Recruiting in Palo Alto (17 mi)

Age: 18 - 65

Sex: Any

Travel: May Be Covered

Time Reimbursement: Varies

Trial Phase: Academic

Waitlist Available

Sponsor: Aktiia SA

No Placebo Group

Approved in 2 Jurisdictions

Trial Summary

What is the purpose of this trial?

This study, with N = 85 participants minimum over 3 visits spread over 23 hours, has been designed to assess the accuracy and precision of the Blood Pressure and pulse rate values as generated by Aktiia.product-G0 for up to 23 hours after initialization in a cohort of subjects representative of the US population. For the study, subjects will be asked to stay seated while measurements are taken at different timepoints.

Do I have to stop taking my current medications for the trial?

The trial protocol does not specify if you need to stop taking your current medications. However, if you are taking a prescription blood thinner, you cannot participate in the study.

What data supports the idea that Blood Pressure Monitor for High Blood Pressure is an effective treatment?

The available research does not provide any data supporting the effectiveness of the Blood Pressure Monitor for High Blood Pressure as a treatment for high blood pressure. The studies mentioned focus on measuring eye pressure and do not relate to blood pressure monitoring or its effectiveness in treating high blood pressure.¹ ² ³ ⁴ ⁵

What safety data is available for the Aktiia blood pressure monitor?

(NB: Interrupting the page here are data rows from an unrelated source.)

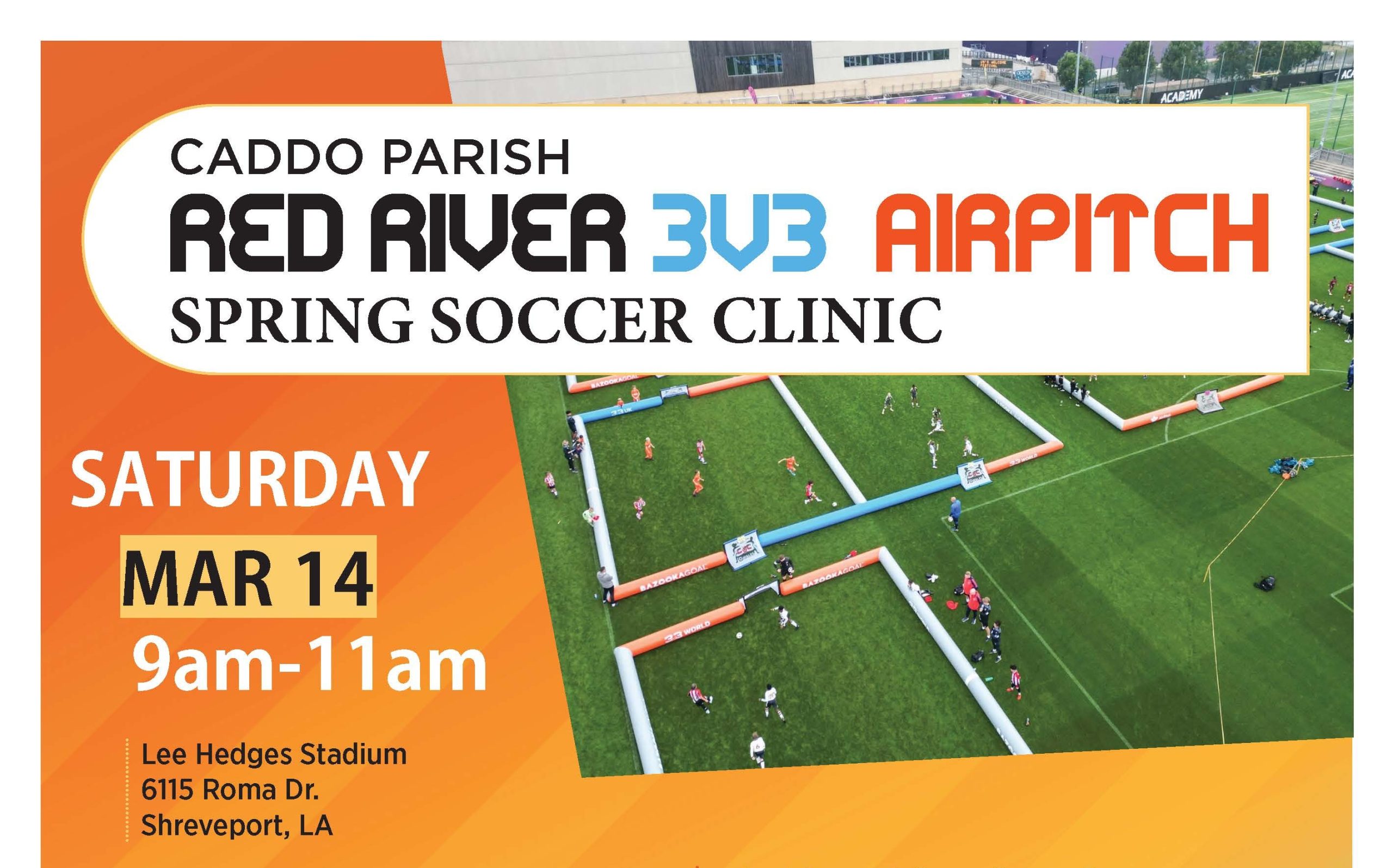 Caddo Parish Parks and Recreation in conjunction with Shreveport Strikers are excited to present a dynamic 3V3 soccer clinic, the Red River 3V3 AIRPITCH SPRING Soccer Clinic, on Saturday, March 14, 2026, 9 am – 11 am, at Lee Hedges Stadium, it is designed to bring more soccer opportunities to our community. This fast-paced, high-energy format offers a super fun and engaging way for young players of all skill levels to get involved in the game with more dribbles, more passes, more intensity & more Fun!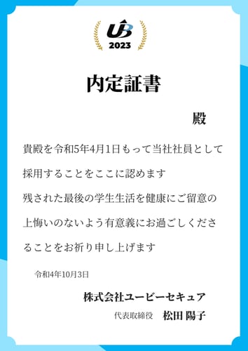 一生に一度の内定式なので、記念になるようにと毎年オリジナルの内定証書を作成してお渡ししています。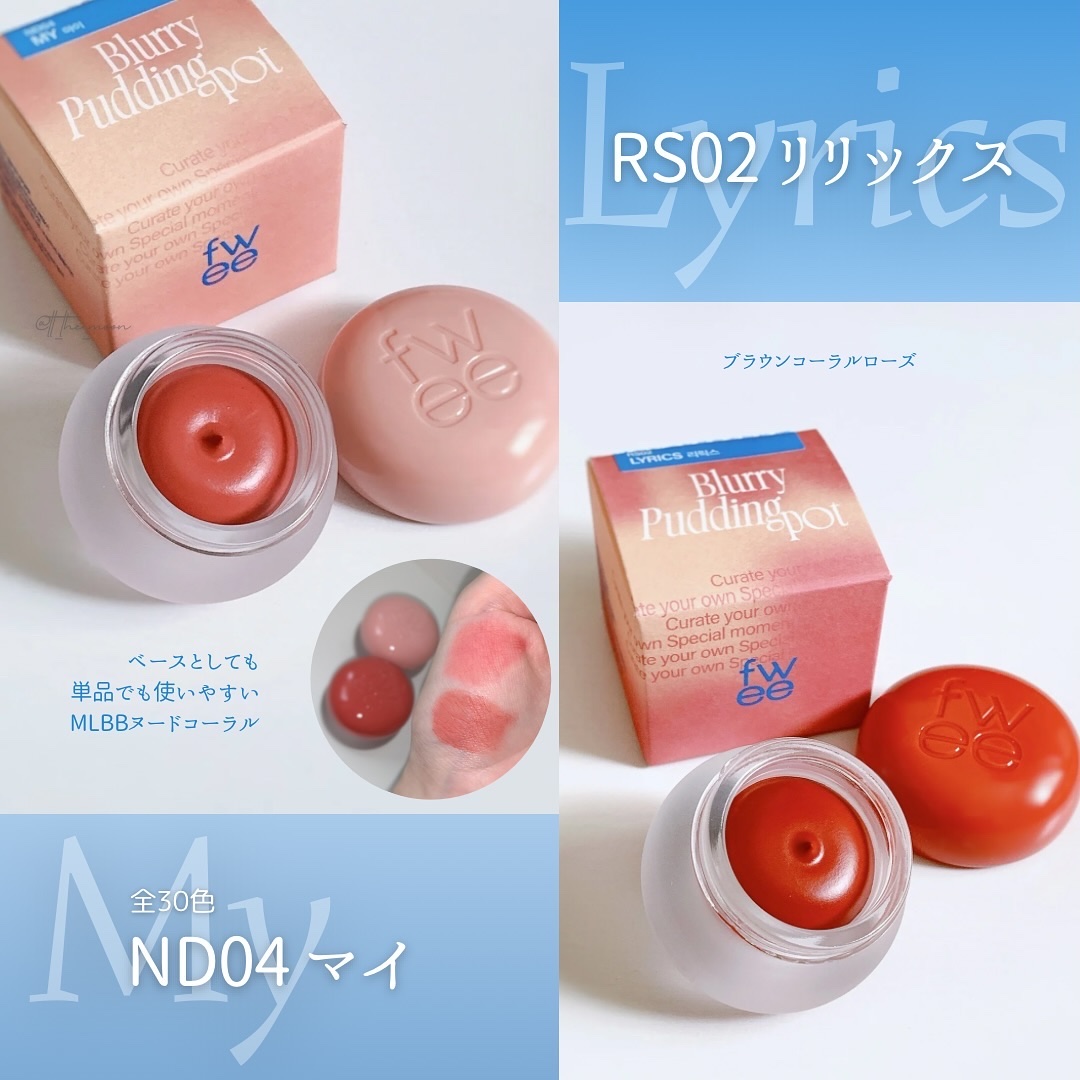 ふわふわスフレのチークカラー☁️⸝⸝⸝fweeリップアンドチークブラーリープリンポットを購入しましたー!!カラバリ豊富すぎてほんとに迷った😑🤍内容量5g🤍色味ND04マイ赤寄りのローズピンク?コーラルピンク?色味伝えるのめっちゃムズい、、、(...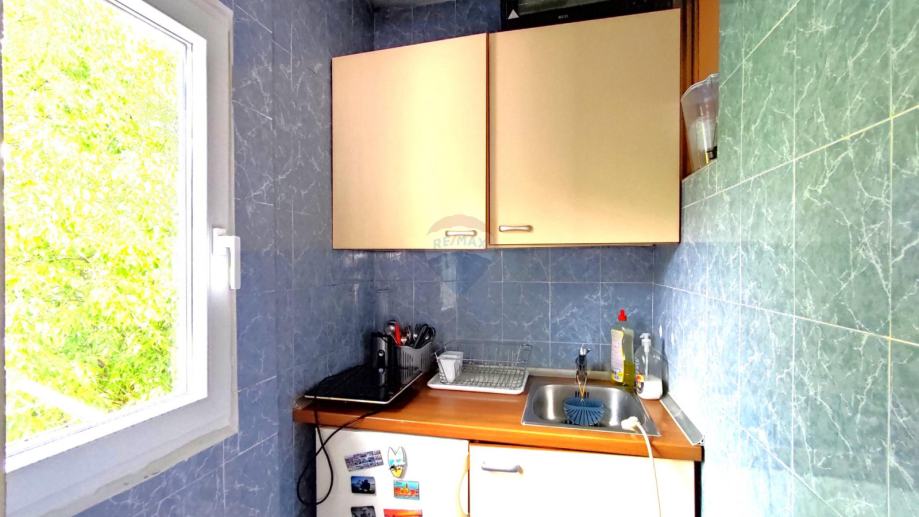 Stan se sastoji od sobe koja služi kao dnevni i spavaći prostor, kupaonice te zatvorene lođe prenamijenjene u kuhinjicu, što omogućuje bolju funkcionalnost prostora. Dodatna prednost je spremište u podrumu zgrade, idealno za pohranu sezonskih stvari, te osigurano parkirno mjesto ispred zgrade – rijetkost u centru.

The Aktiia blood pressure monitor, including its various versions like the Aktiia Bracelet and Aktiia Spot-check Optical Blood Pressure Monitoring Device, has undergone several validation studies. These studies have assessed its accuracy and precision in measuring blood pressure across different body positions and compared it to traditional methods. The device has been validated using protocols like the extended ISO 81060-2 and ANSI/AAMI/ISO 81060-2:2013 standards. Results indicate that the Aktiia monitor provides accurate blood pressure estimates comparable to traditional ambulatory blood pressure monitors, although precision can vary with body position. These studies suggest that the device is safe and effective for monitoring blood pressure in real-life conditions.⁶ ⁷ ⁸ ⁹ ¹⁰

Is the Aktiia Bracelet a promising treatment for high blood pressure?

Yes, the Aktiia Bracelet is a promising treatment for high blood pressure. It is a wearable device that can accurately monitor blood pressure in different body positions over time. This makes it useful for tracking blood pressure in real-life situations, which can help in better understanding and managing high blood pressure.⁶ ⁷ ⁸ ¹¹ ¹²

Research Team

Eligibility Criteria

This trial is for at least 85 adults with high blood pressure, representative of the US population. Participants will need to be available for 8 visits over a day and stay seated during measurements.

Inclusion Criteria

Participants must be able to provide an informed consent to participate

I am willing and able to follow the study rules and come back for a visit on day 2.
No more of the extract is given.